The right hand side of (3.8) is invariant under the interchange of x and y. That is

$$\begin{aligned} G(x\sigma (y))=G(y\sigma (x))\quad \text {for all}\quad x,y\in S. \end{aligned}$$

(3.9)

(2) Replacing y by \(\sigma (y)\) in (3.9), we get \(G(xy)=G^*(yx)\) for all \(x,y\in S\), and then we deduce that

$$\begin{aligned} G(xyz)=G^*(zxy)=G(yzx)=G^*(xyz)\quad \text {for all}\quad x,y,z\in S. \end{aligned}$$

(3) By applying the identity (3.8) to the pair \((x,\sigma (yz))\) we obtain

$$\begin{aligned} G(xyz)=g(x)g^*(yz)-f(x)f^*(yz)\quad \text {for all}\quad x,y,z\in S. \end{aligned}$$

(3.10)

Then by using (2), we deduce from (3.10) that

$$\begin{aligned} g(x)g^*(yz)-f(x)f^*(yz)=g^*(x)g(yz)-f^*(x)f(yz)\quad \text {for all}\quad x,y,z\in S. \nonumber \\ \end{aligned}$$

(3.11)

Since \(k=k^e+k^{\circ }\) and \(k^*=k^e-k^{\circ }\) for any function \(k:S\rightarrow \mathbb {C}\), we get from (3.11) after some rearrangement that for all \(x,y,z\in S\)
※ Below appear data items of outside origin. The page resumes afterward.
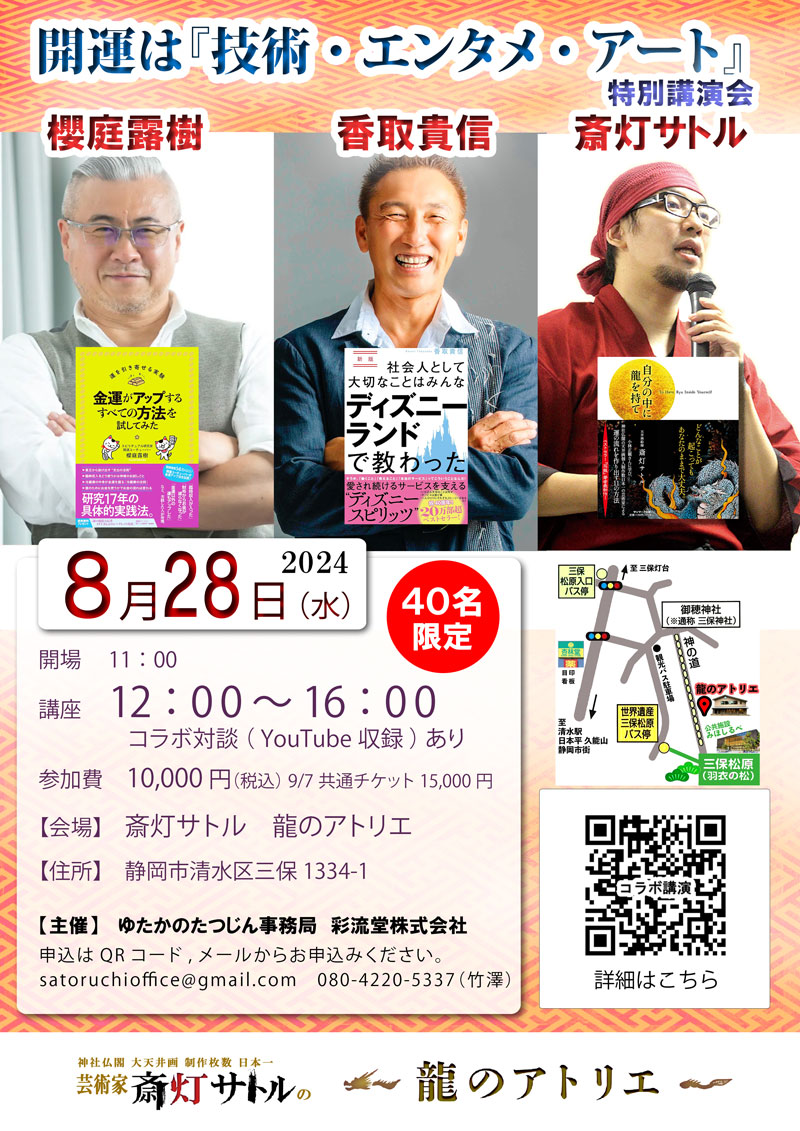 ・ ・ 【日時】 2024年 8月28日(水) 11:00 開場 12:00~16:00 コラボ対談(YouTube収録)あり 【タイトル】 ■櫻庭露樹&香取貴信&斎灯サトル コラボ講演会 開運は『技術・エンタメ・アート … 続きを読む 【龍のアトリエにて開催】静岡市清水区 8/28(水)■櫻庭露樹&香取貴信&斎灯サトル コラボ講演会 開運は『技術・エンタメ・アート』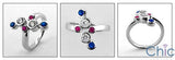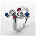 A unique ring with a high polished solid shank with beautiful sapphire and ruby colored cubic zirconias, and two clear cubic zirconias, all in bezel settings.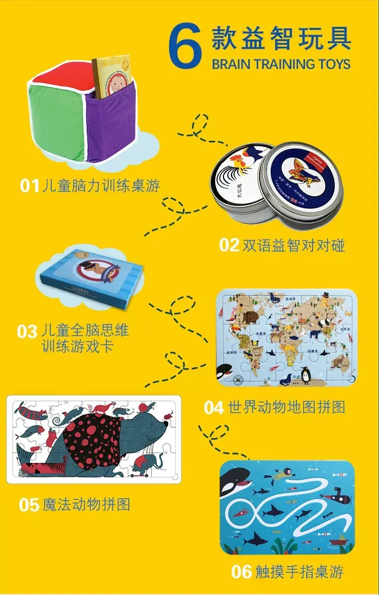 这套铁盒绘本套装里还有6款非常有趣的玩具,比如彩虹骰子桌游,智力对对碰,平时外出就可以给孩子带着随时开发智力,真的太划算了。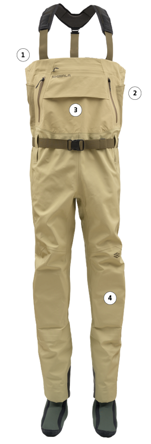 We built the Backeddy Wader with an ultra-dense 100% polyester microfiber face textile for increased durability and smooth comfort; then finished it with a 4-layer waterproof/breathable laminate for submersible functionality. An anti-microbial finish to the interior wader scrim prevents odor and mildew build up. This textile package provides an ultra-durable shell fabric for increased resistance from punctures and tears. The Backeddy Wader was designed for extreme performance, unmatched durability and incredible comfort.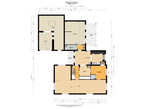 De garage en schuur staan in open verbinding met elkaar en zijn praktisch voorzien van een betonnen vloer, elektra en tl-verlichting. Vanaf de oprit heb je via een metalen kanteldeur toegang tot de garage en via een gewone deur tot de schuur.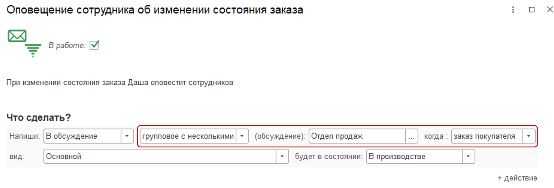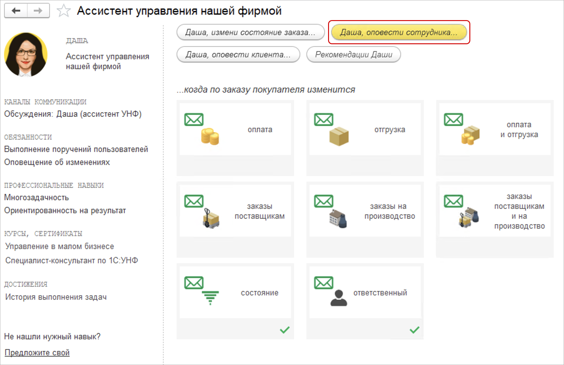 Теперь ассистент Даша помогает в онлайн-продажах, работая с заказами из мобильного приложения и сайта. Сообщает о появлении нового заказа в обсуждении, письмом на электронную почту или sms. Даша сообщит, когда необходимо приступать к работе, если сотрудник начинает работать с определенного состояния заказа, а также о назначении его ответственным за заказ.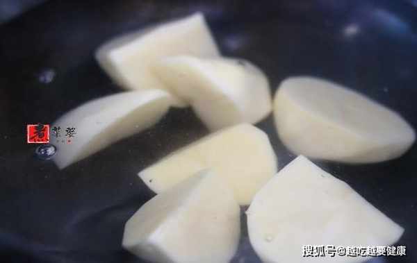 步驟2,把切好的洋芋塊放入鐵鍋中,加入稍多一些的清水,大火煮沸,轉中火燜煮8~10分,關火,撈出洋芋塊。家裡有蒸鍋的話,可以切小點直接蒸,蒸到軟爛,用筷子能輕鬆戳穿為止。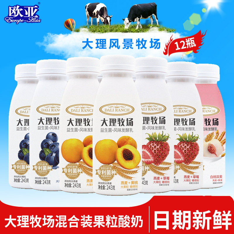 ユーラシア牛乳大理牧場低温果粒ヨーグルトいちご黄桃ブルーベリー白桃果粒243g * 12本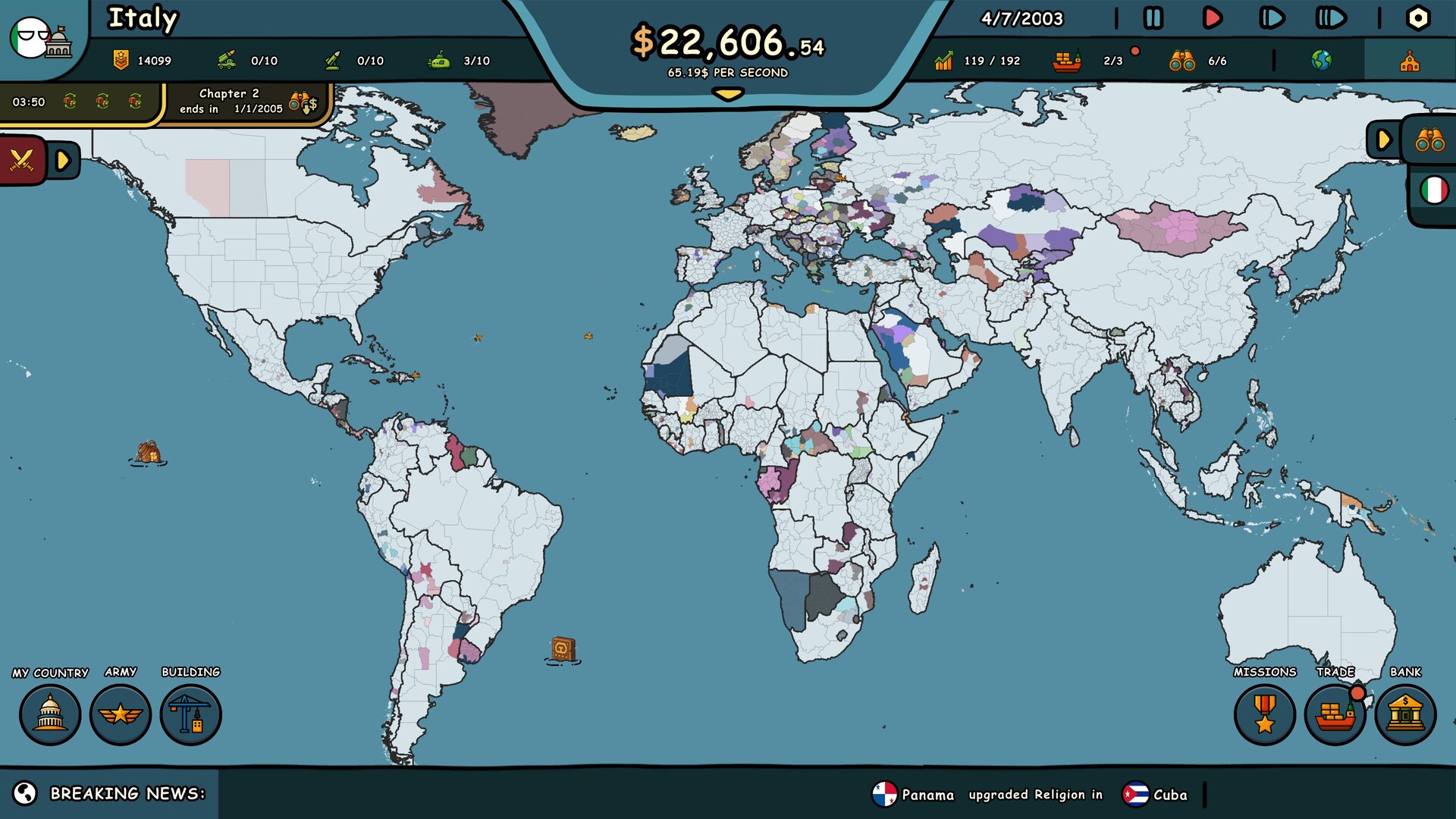 Spread your faith across borders and watch nations fall under your spiritual charm. Use religion as a tool of power—win hearts, shift ideologies, and unify the world without firing a single shot.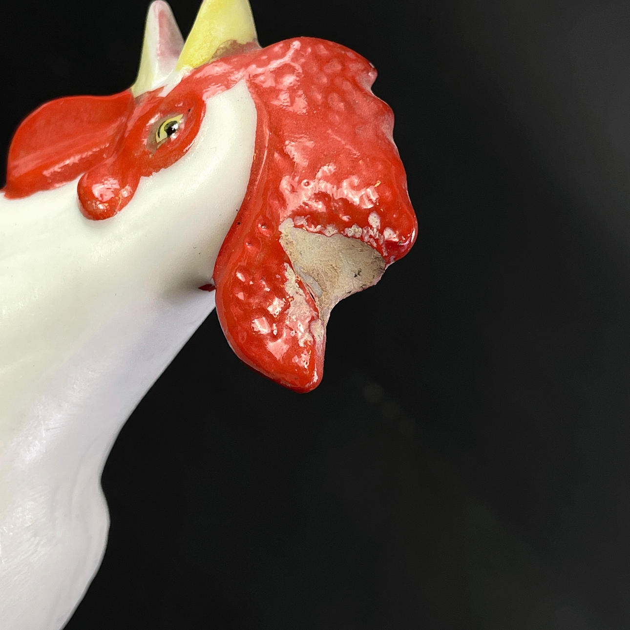 Normal wear and tear, a rooster with a rooster comb rejection.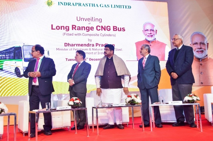 NEW DELHI, India, Jan. 13, 2020 (GLOBE NEWSWIRE) -- Mr. Dharmendra Pradhan, India’s Minister for Petroleum and Natural Gas, launched India’s first long distance compressed natural gas (CNG) bus on December 24, 2019 under a strategic program led by Indraprastha Gas Limited (IGL), the largest CNG distribution company in India. The launch ushers in CNG as the fuel of choice for long distance transportation in India. The Honorable Minister speaking on the occasion complimented Agility Fuel Solutions and urged the Indian automotive and fleet industry to implement long distance travel solutions with CNG. Present at the launch were Dr. M.M. Kutty, Secretary, Ministry of Petroleum & Natural Gas, Govt. of India, Mr. Gajendra Singh, Director, GAIL, Mr. Ranganathan, MD, IGL and Mr. Manoj Chugh, President, Mahindra & Mahindra Ltd.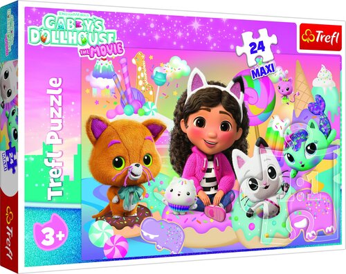 Koci świat Gabby to puzzle dla maluchów, składające się z 24 bardzo dużych elementów. Zostały zaprojektowane z myślą o małych fanach bajki Gabby's Dollhouse. Po ułożeniu układanki powstanie duży obrazek o wymiarach 600x400 mm.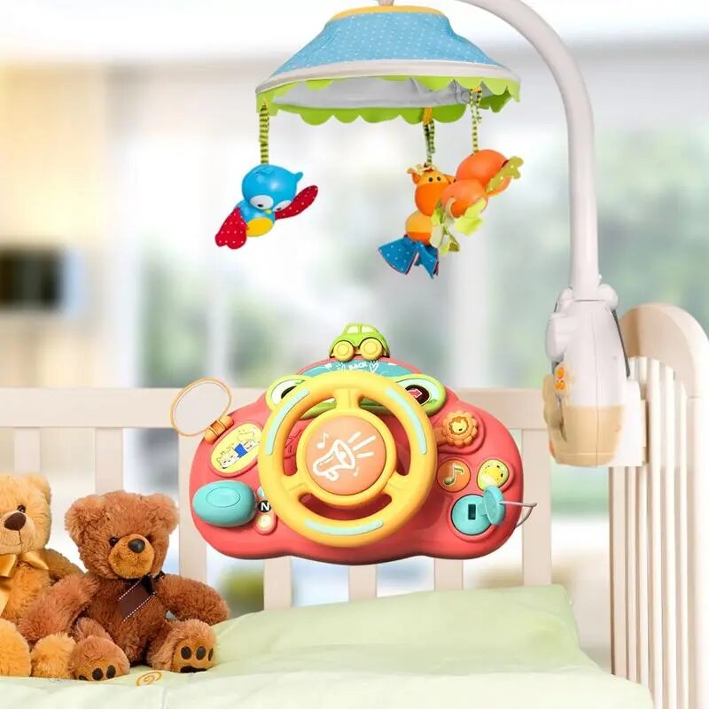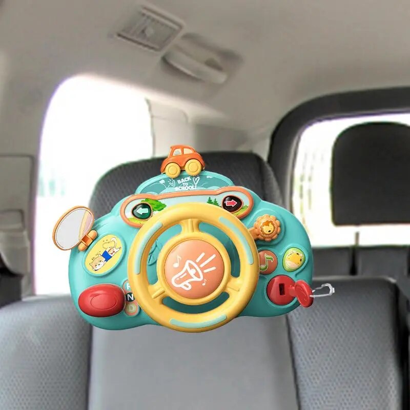 Cartoon Kids Electric Steering Wheel Toy With Lights Music Simulation Driving Car Copilot For Toddler Preschool Interactive Toys

$$\begin{aligned} g^{\circ }(x)g^e(yz)-f^{\circ }(x)f^e(yz)=g^e(x)g^{\circ }(yz)-f^e(x)f^{\circ }(yz). \end{aligned}$$

(3.12)

In the identity (3.12) the left hand side is an odd function of x while the right is an even function of x, so

$$\begin{aligned} g^{\circ }(x)g^e(yz)-f^{\circ }(x)f^e(yz)=0, \end{aligned}$$

(3.13)

and

$$\begin{aligned} g^e(x)g^{\circ }(yz)-f^e(x)f^{\circ }(yz)=0, \end{aligned}$$

(3.14)

for all \(x,y,z\in S\). This completes the proof of Lemma 3.3. \(\square \)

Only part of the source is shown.